Не знаю, сколько времени я провисел в таком положении — минуту или десять: в такой момент человеку трудно ориентироваться во времени, но хорошо помню, что, когда он снял меня с того крюка, так же как и подвесил легко как пушинку, я тут же потерял сознание от соприкосновения связанных сзади рук с полом.

Очнулся я весь мокрый, в луже воды, по-прежнему со связанными руками. Видно, пока я был без сознания, меня обливали водой, чтобы я быстрее пришел в себя.

Первое, что я увидел, открыв глаза, были два ботинка, скорее всего последнего размера. Трудно было их не узнать. Я чуть приподнял голову.

Невероятно, но факт — этот тип спокойно пил чай, и даже не преминул улыбнуться мне, когда увидел, что я пошевелил головой. Он сидел за столом с таким видом и вкушал горячий напиток с таким наслаждением, будто только что вышел из парилки.

Оттого что он сидел на стуле, его безобразный живот выпирал еще больше, фартуком закрывая его колени. Пот ручьями катился с его противной хари, милицейская рубашка была насквозь пропитана потом, а на животе, из расстегнутой рубашки, проступало что-то сродни болоту: вода и растительность.

Для меня ирреальность этой сцены заключалась в том, что после подобного рода экзекуций я привык видеть ее исполнителя возбужденным, с повышенным содержанием адреналина в крови, жаждущим человеческой боли садистом. Им мог быть кто угодно из ментов, либо блядь какая лагерная, либо сука того же замеса, которые были на тот момент рядом.

Жалости, конечно, от таких извергов ждать не приходилось, но иногда была и она, было порой и какое-то понимание вопроса, из-за которого и возникал конфликт между людьми с разными понятиями и жизненными критериями.

А здесь я впервые в жизни столкнулся с тем, что это подобие человека был на работе, так же как и любой из нормальных людей, например, стоял у станка или у операционного стола. Но профессия этого «работяги» была — палач!

Ноль эмоций, жалости, сострадания. «Что поделать, работа такая», — наверное, ответил бы он, если бы у него спросили, как он может быть таким бесчеловечным? Но он будет далеко не последним подобного рода субъектом, который встретится мне еще в самом ближайшем будущем.

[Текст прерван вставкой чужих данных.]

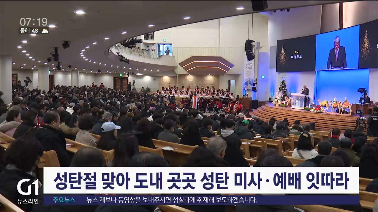 춘천과 강릉, 원주 등 도내 교회마다 성탄절 기념 예배를 하며, 예수 그리스도의 탄생을 축하하고 복음의 은총과 성탄의 의미가 세상 온 누리에 퍼지기를 기도했습니다.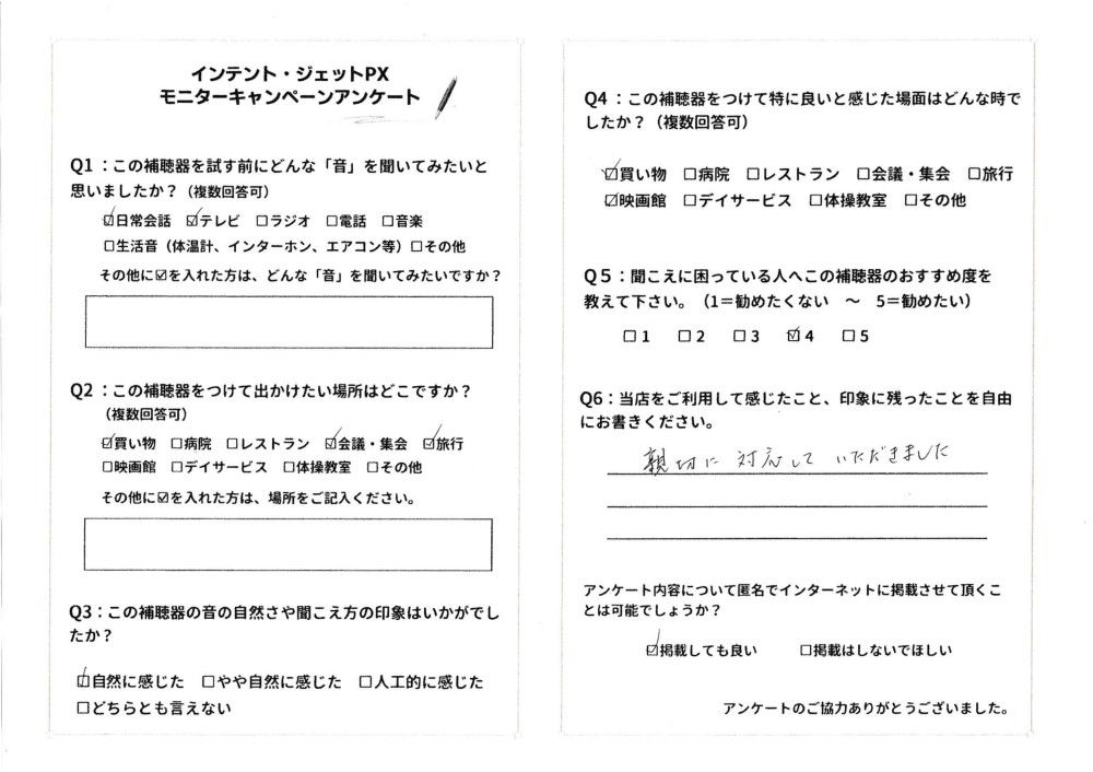「インテント・ジェットPXモニターキャンペーン アンケート」

— Ну что, уже очнулся? — спросил он, когда увидел, что я очнулся. — Хорошо, молодец, сейчас начальник позову, он с тобой говорить будет. Будешь хороший, больше боль делать не буду, будешь плохой, еще хуже, очень больно будет!

Я молча взирал на этого дегенерата и чуть было вновь не потерял сознание от злости и беспомощности. Полагаю, что, обладай он хоть геркулесовой силой, но если бы в этот момент у меня были развязаны руки, я бы, без сомнений, перегрыз ему глотку, именно перегрыз — и никак иначе.

Но все было еще впереди, подумал я. Мысль о таком способе мести мне уже доставила некоторое удовольствие.

 

Глава 5

Сердобольный следователь Доля

Я по-прежнему лежал со связанными руками на полу, в луже воды, молча ожидая того, что произойдет дальше. Допив свой чай, палач (будем называть вещи своими именами) встал и не спеша вышел из помещения, оставив меня без присмотра на полу, но уже в следующую минуту вернулся, и не один. С ним вместе зашел следователь Доля.

Увидев меня в таком виде, он нисколько не удивился, что говорило о его компетенции в следственной работе, попросил палача посадить меня на стул, что тот и сделал, подняв меня с пола, как будто я был поломанной игрушкой.

— Руки развязать? — спросил палач у следователя.

— Не стоит пока, — поймав яростный блеск в моих глазах, без колебаний ответил тот.

— Ну хорошо, вы говорите, а я пойду, один человек видеть надо, хороший будет взбучка делать, если он говорить не будет.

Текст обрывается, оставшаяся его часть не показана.